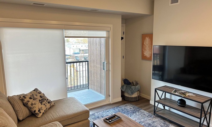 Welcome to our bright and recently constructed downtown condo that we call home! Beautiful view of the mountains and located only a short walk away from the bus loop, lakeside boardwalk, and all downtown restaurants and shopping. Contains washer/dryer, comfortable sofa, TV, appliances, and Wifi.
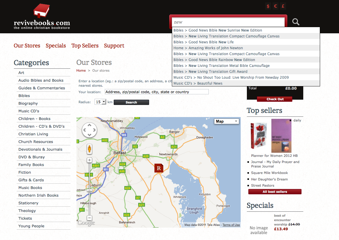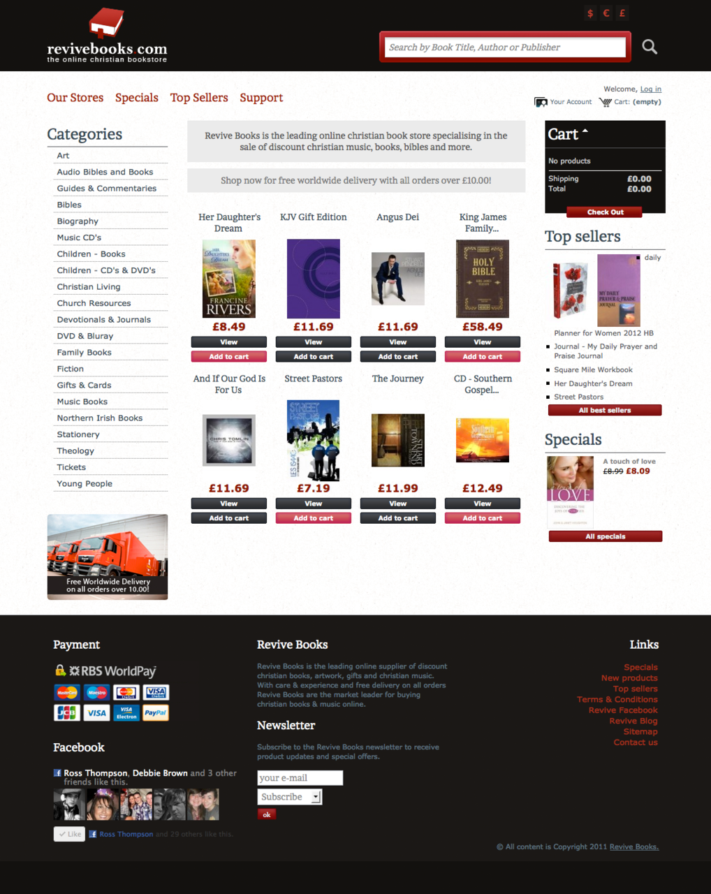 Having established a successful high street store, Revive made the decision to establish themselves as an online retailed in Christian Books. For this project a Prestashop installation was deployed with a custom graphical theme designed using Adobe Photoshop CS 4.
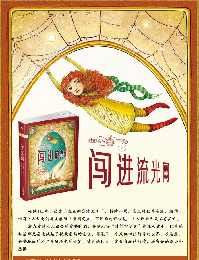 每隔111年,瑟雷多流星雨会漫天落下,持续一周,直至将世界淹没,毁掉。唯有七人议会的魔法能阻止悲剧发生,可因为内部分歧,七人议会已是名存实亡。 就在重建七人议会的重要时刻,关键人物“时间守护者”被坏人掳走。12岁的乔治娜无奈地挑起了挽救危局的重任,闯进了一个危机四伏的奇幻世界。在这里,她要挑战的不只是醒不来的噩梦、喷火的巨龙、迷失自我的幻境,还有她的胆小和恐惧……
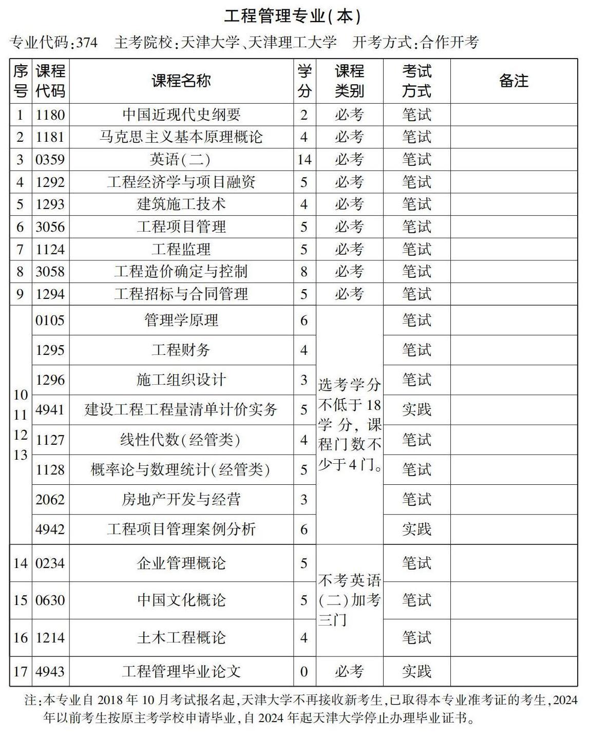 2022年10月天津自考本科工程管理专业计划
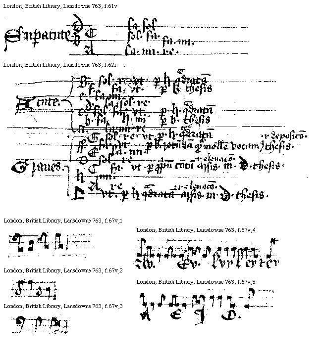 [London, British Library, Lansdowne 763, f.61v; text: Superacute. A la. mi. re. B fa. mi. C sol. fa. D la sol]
* * *
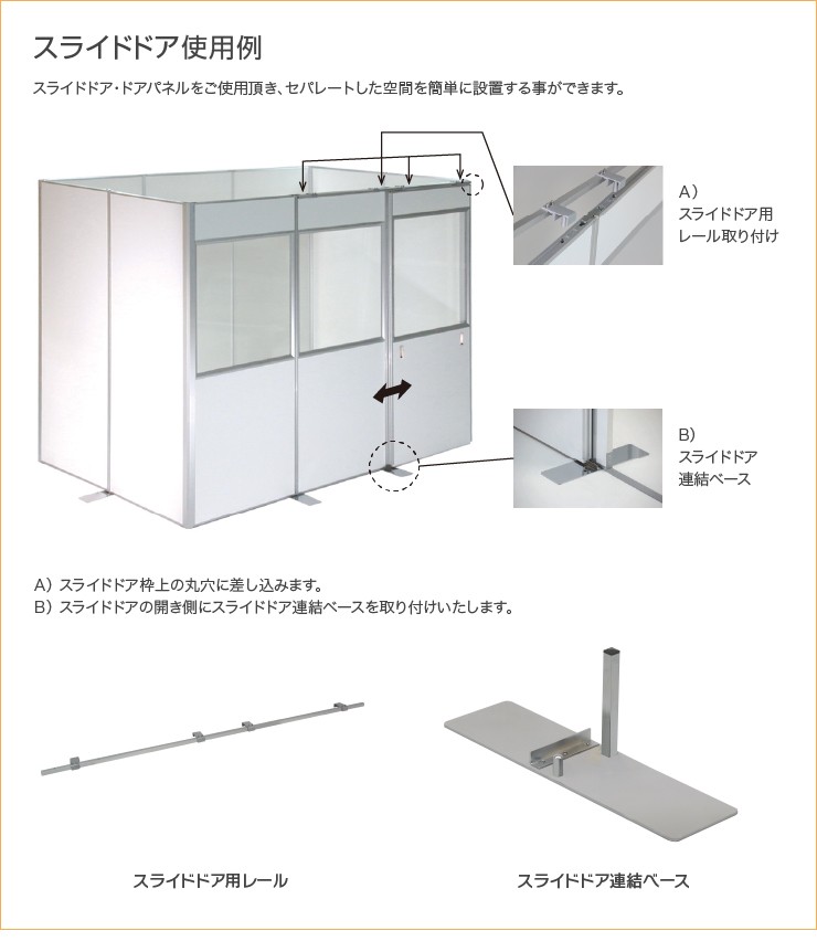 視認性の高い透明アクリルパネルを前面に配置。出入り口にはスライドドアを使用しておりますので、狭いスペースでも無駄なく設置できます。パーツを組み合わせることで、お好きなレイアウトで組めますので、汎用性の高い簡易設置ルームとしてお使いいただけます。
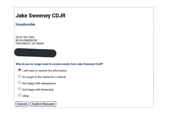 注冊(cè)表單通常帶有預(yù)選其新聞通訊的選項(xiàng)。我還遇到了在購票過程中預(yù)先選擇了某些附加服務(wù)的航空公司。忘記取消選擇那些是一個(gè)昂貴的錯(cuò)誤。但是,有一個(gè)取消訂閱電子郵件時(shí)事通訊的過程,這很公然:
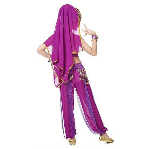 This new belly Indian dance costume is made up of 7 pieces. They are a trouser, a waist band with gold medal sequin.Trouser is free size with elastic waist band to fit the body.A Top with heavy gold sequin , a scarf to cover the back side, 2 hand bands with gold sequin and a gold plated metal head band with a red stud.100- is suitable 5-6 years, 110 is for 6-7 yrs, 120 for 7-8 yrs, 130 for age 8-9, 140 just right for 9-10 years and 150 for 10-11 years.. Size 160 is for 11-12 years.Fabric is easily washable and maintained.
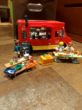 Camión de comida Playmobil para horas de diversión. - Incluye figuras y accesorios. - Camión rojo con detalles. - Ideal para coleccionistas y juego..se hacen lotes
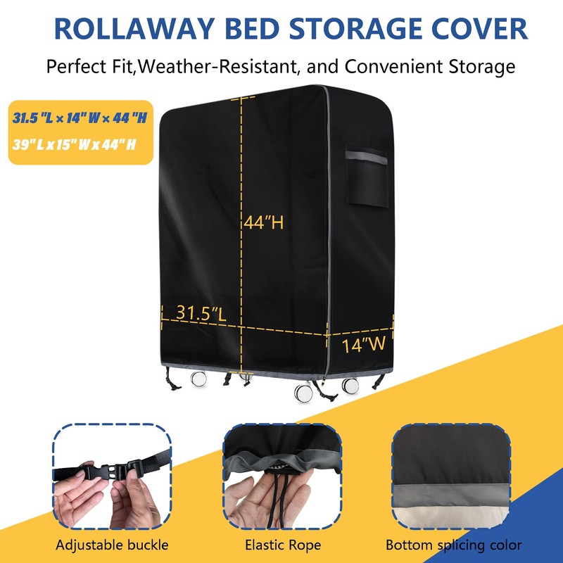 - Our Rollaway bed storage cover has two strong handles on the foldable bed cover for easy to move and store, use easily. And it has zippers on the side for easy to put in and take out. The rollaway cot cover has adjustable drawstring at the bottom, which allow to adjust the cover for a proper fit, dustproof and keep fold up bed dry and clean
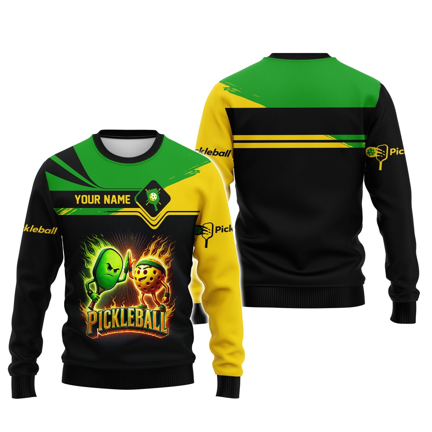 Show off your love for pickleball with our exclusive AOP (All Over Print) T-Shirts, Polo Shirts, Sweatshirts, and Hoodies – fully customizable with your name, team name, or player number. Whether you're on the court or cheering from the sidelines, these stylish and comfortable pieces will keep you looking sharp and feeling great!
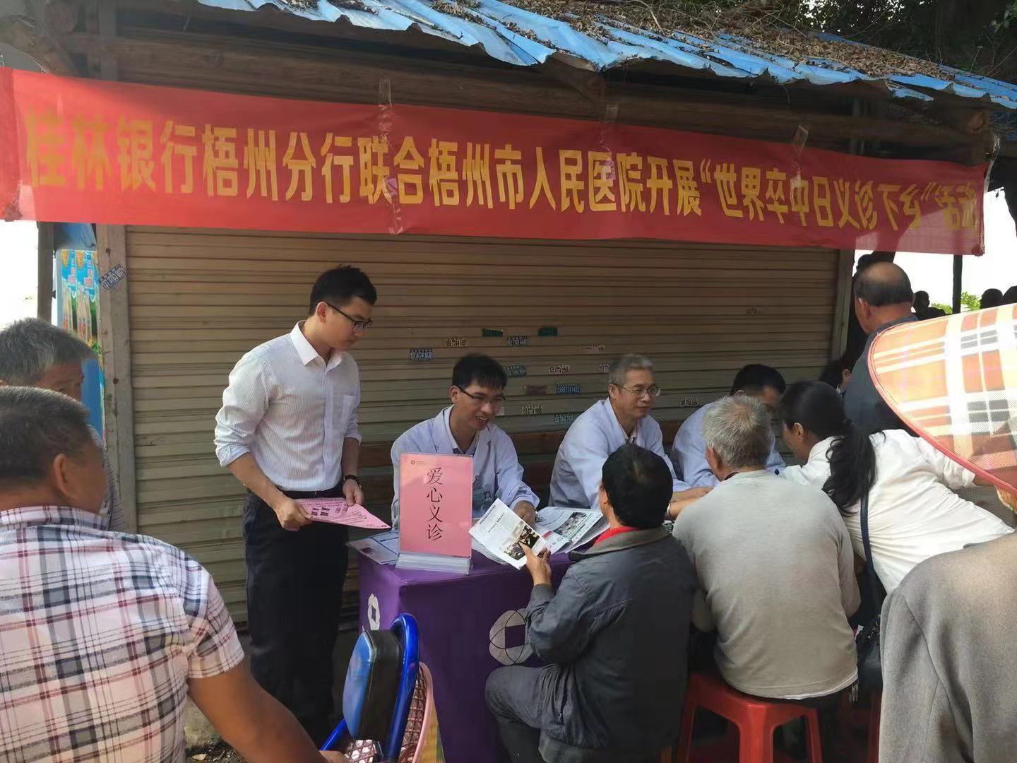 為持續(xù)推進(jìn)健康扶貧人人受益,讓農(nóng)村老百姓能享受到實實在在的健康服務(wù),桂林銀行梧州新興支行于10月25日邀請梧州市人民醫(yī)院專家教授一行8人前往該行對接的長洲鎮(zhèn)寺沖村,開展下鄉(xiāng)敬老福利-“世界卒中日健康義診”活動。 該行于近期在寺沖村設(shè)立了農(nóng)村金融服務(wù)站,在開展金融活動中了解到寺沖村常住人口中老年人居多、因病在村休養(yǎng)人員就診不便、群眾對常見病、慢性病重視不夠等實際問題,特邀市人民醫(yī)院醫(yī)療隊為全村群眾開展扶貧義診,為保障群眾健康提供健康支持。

(Brief):
Could you output exactly the lines above, from the line with "每隔111年,瑟雷多流星雨会" up to and including the line with "[London, British Library, Lansdowne", and nothing else, skipping the pictures?

(Written solution):
 每隔111年,瑟雷多流星雨会漫天落下,持续一周,直至将世界淹没,毁掉。唯有七人议会的魔法能阻止悲剧发生,可因为内部分歧,七人议会已是名存实亡。 就在重建七人议会的重要时刻,关键人物“时间守护者”被坏人掳走。12岁的乔治娜无奈地挑起了挽救危局的重任,闯进了一个危机四伏的奇幻世界。在这里,她要挑战的不只是醒不来的噩梦、喷火的巨龙、迷失自我的幻境,还有她的胆小和恐惧……
 2022年10月天津自考本科工程管理专业计划
 [London, British Library, Lansdowne 763, f.61v; text: Superacute. A la. mi. re. B fa. mi. C sol. fa. D la sol]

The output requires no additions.